So it is no surprise that as the story over the past week, the audit and probe of the activities of the Niger Delta Development Commission (NDDC) floods our news streams, conversations have built up amongst Nigerians.
Despite the gravity of issues involved, we as a people, have adopted a general slackness, rhathymia, jovial and unserious attitude in addressing these issues that affect our development. We generally shoot for risibility rather than let the cupidity of some of our leaders dampen our spirits. This can be seen in the numerous jokes and memes posted all over the internet on different social media platforms.
But we know that the dream of creating a truly inclusive, egalitarian democracy hinges on how the people believe that fairness and justice is addressed in the society not just how a lady’s detractors increasingly rely on ‘ad hominem’ attacks to blunt her influence or how a syncopal episode is triggered by a series of questions on accountability of funds.
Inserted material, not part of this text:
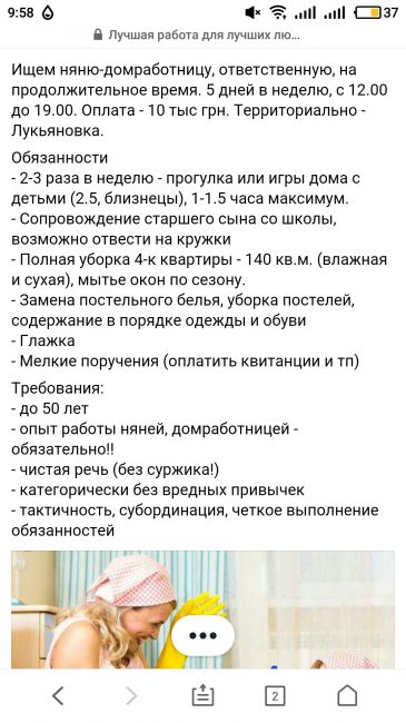 издеваетесь? няня для двух детей еще и домработница за 10 тыс??

However for sports lovers, (fans, managers, athletes, business people and pundits alike) all the concern seem to be that in all the expenditure or utilisation of funds in the region there were no sporting infrastructure of note developed or built despite the huge resources earmarked for development of the region and the amount of money being revealed at the hearings. This has been debated passionately and the discussions of these stakeholders were not always polite or courteous. In fact, they were always inappropriately calibrated in tone of arguments: In one instance, they are too deferential; in another, too bellicose.
And the conversation comes with a special conviction central to their passion: an adamantine, unshakable conviction that what needs to be done is to build sporting infrastructure with the funds of the NDDC.
Their arguments are valid. In a region hurt by environmental issues, insecurity, unemployment, poor educational level, poverty of its people, lack of infrastructure, poor healthcare and youth restlessness(Militancy). And to a great extent sports can help in all these.
Insecurity and militancy are easily minimized by sporting engagements. When the youth have where to exert their excess energies, fighting communities would not be common. Participation in sports can keep numerous young men and women busy. Sports training can take you 4 to 6 hours daily and improve your sleep time to 8 or 9 hours. You would then have so little time left for any vice.
In addition to sports participation, it is believed that watching sporting activities also reduces crime. A study in the Journal of Sports Economicsin 2018 found evidence of “consistent decreases in crime during games”. As part of its efforts to support the implementation of the Doha Declaration, the United Nations Office on Drugs and Crime (UNODC) has launched a global youth crime prevention initiative that builds on the power of sports as a tool for peace. The initiative aims to promote sports and related activities to prevent crime and to effectively build resilience of at-risk youth.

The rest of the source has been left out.